Supplied entries:
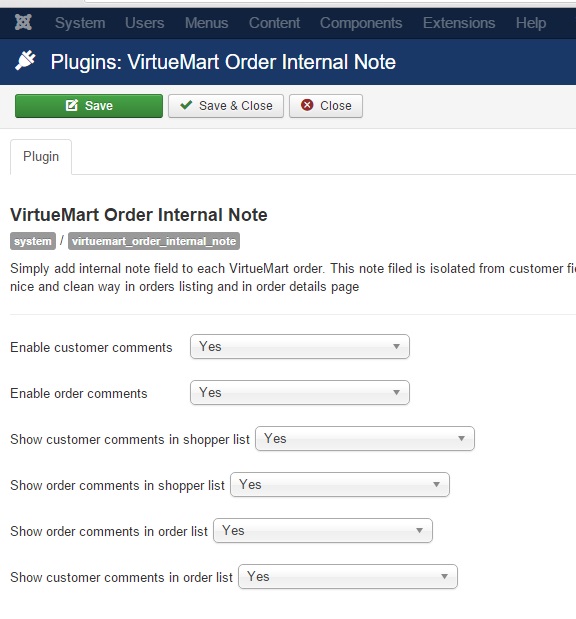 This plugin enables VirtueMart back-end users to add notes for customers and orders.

* * *

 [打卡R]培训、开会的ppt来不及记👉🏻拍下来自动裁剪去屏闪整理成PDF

---

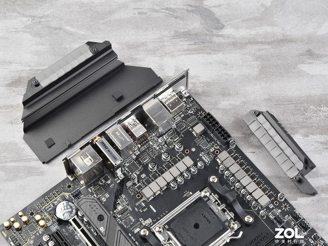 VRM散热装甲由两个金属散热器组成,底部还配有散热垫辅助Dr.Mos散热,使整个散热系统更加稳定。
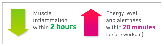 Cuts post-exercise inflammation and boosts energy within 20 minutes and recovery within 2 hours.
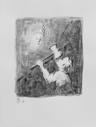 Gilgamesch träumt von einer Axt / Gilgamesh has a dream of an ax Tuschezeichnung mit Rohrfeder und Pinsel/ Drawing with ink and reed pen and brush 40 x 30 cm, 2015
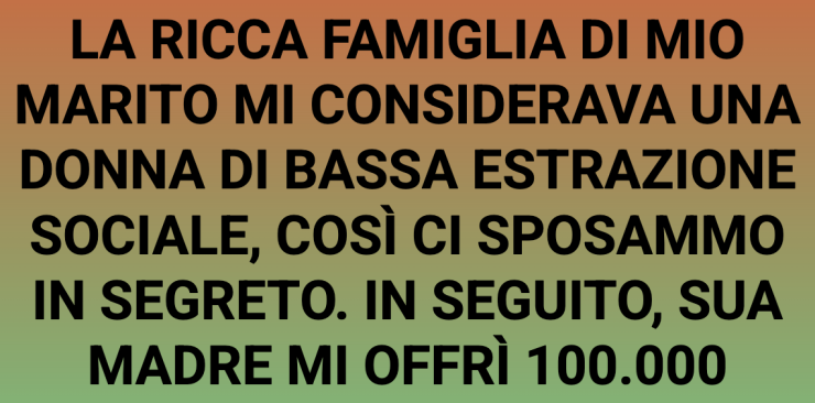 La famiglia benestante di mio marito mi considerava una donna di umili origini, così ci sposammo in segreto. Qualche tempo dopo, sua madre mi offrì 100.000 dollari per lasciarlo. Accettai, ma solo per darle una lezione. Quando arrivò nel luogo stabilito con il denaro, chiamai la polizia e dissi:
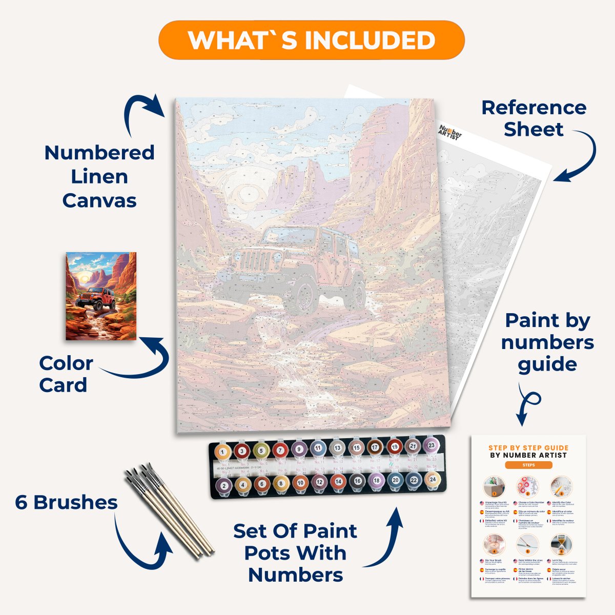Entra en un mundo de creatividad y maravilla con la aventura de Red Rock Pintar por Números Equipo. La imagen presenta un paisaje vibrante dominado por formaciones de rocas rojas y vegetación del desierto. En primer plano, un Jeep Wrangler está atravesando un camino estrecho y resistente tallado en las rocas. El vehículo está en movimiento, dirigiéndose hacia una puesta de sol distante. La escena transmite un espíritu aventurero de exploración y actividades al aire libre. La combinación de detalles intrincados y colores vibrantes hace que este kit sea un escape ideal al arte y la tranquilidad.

About this exercise:
Quote word for word only the lines above from the one containing "VRM散热装甲由两个金属散热" through the one containing "Gilgamesch träumt von". Pictures stay out of your copy.

Task response:
 VRM散热装甲由两个金属散热器组成,底部还配有散热垫辅助Dr.Mos散热,使整个散热系统更加稳定。
 Cuts post-exercise inflammation and boosts energy within 20 minutes and recovery within 2 hours.
 Gilgamesch träumt von einer Axt / Gilgamesh has a dream of an ax Tuschezeichnung mit Rohrfeder und Pinsel/ Drawing with ink and reed pen and brush 40 x 30 cm, 2015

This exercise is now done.